Eligibility Criteria

Ages Eligible for Study

50 years and older (Adult, Older Adult)

Accepts Healthy Volunteers

No

Description

Inclusion Criteria:

  • if female, at least five years post-menopause
  • aged > 50 years
  • primary osteoporosis defined as DXA T score < -2.5 at either the spine or proximal femur with at least one morphometric vertebral crush fracture sustained between 3 months to 2 years previously
  • back pain/discomfort in thoracic or lumbar region felt at least weekly within the last 6 months
  • stable dose of medication for treatment of osteoporosis (eg. hormone replacement therapy, bisphosphonates)
  • community dwelling and able to attend for treatment
  • English speaking

Exclusion Criteria:

  • secondary causes of bone loss such as osteomalacia, glucocorticoid medication etc.
  • co-morbidities that would interfere with participation in exercise such as severe heart or pulmonary disease, inflammatory joint disease, severe osteoarthritis, psychiatric condition
  • acute vertebral fracture in past 3 months
  • signs and symptoms arising from nerve root compression
  • back pain radiating into the lower limb
  • previous participation in a formal pain management program for back pain
  • physiotherapy for back pain in the past 6 months
  • allergic reaction to adhesive tape or poor skin condition that would prevent use of tape

Study Plan

This section provides details of the study plan, including how the study is designed and what the study is measuring.

How is the study designed?

Design Details

  • Primary Purpose: Treatment
  • Allocation: Randomized
  • Interventional Model: Parallel Assignment
  • Masking: Single

Arms and Interventions

Participant Group / Arm
Intervention / Treatment
No Intervention: 2
Usual care
Active Comparator: Physiotherapy
Including 10 individual visits with a physiotherapist and home exercises
Other: Physiotherapy
10 weekly individual sessions with the therapist each lasting approximately 45 minutes. Techniques included postural taping, massage, mobilisation, exercises.
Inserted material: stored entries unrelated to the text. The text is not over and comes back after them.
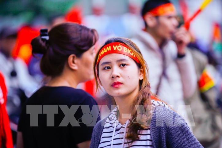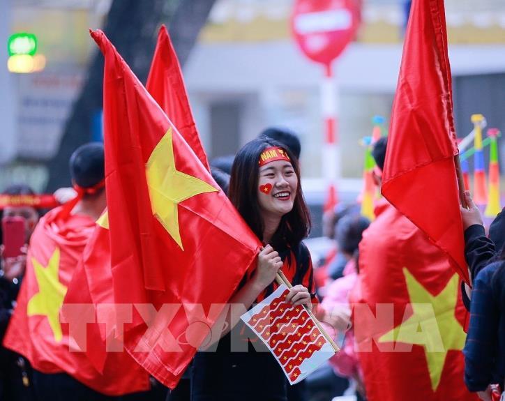 Người hâm mộ với cờ và băng rôn cổ vũ cho đội tuyển Việt Nam. Ảnh: Trọng Đạt - TTXVN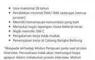 Persyaratan: pria/wanita,usia maksimal 27 tahun,ramah-jujur-disiplin,ulet &pekerja keras, bertanggungjawab,...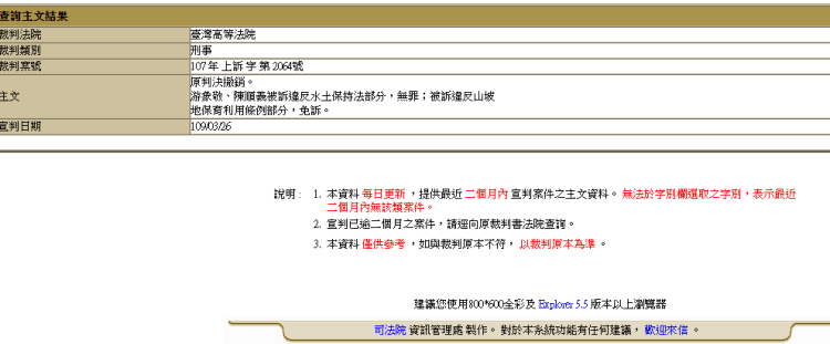 當事人因為土地、建築物,出租給台灣民政府作為辦公室,遭檢察官偵辦山坡地保育利用條例及水土保持法,兩項罪名起訴,一審在所辯護下,得到無罪判決;檢察官不服上訴二審,高院法官撤銷原判決,將水土保持法維持無罪判決,山坡地保育利用條例判決免訴。

The patients also performed home exercises

What is the study measuring?

Primary Outcome Measures

Outcome Measure
Time Frame
Back pain as assessed by a numeric rating scale
Time Frame: Baseline and 10 weeks
Baseline and 10 weeks

Secondary Outcome Measures

Outcome Measure
Time Frame
activity restriction, health-related quality of life and physical activity levels as well as overall perceived rating of change in back pain. Objective measures of thoracic kyphosis, standing balance, back and shoulder muscle endurance
Time Frame: Baseline and 10 weeks
Baseline and 10 weeks

Collaborators and Investigators

This is where you will find people and organizations involved with this study.

Sponsor

University of Melbourne

Collaborators

ANZ Trustees

Investigators

  • Principal Investigator: Kim L Bennell, PhD, University of Melbourne

Publications and helpful links

The person responsible for entering information about the study voluntarily provides these publications. These may be about anything related to the study.

General Publications

Study record dates

These dates track the progress of study record and summary results submissions to ClinicalTrials.gov. Study records and reported results are reviewed by the National Library of Medicine (NLM) to make sure they meet specific quality control standards before being posted on the public website.

Study Major Dates

Study Start (Actual)

February 1, 2006

Primary Completion (Actual)

January 1, 2010

Study Completion (Actual)

February 10, 2010

Study Registration Dates

First Submitted

March 12, 2008

First Submitted That Met QC Criteria

March 12, 2008

First Posted (Estimated)

March 19, 2008

Study Record Updates

Last Update Posted (Actual)

July 10, 2025

Last Update Submitted That Met QC Criteria

July 7, 2025

Last Verified

March 1, 2008

More Information

Terms related to this study

Keywords

Additional Relevant MeSH Terms

Other Study ID Numbers

  • 010085.1

This information was retrieved directly from the website clinicaltrials.gov without any changes. If you have any requests to change, remove or update your study details, please contact register@clinicaltrials.gov. As soon as a change is implemented on clinicaltrials.gov, this will be updated automatically on our website as well.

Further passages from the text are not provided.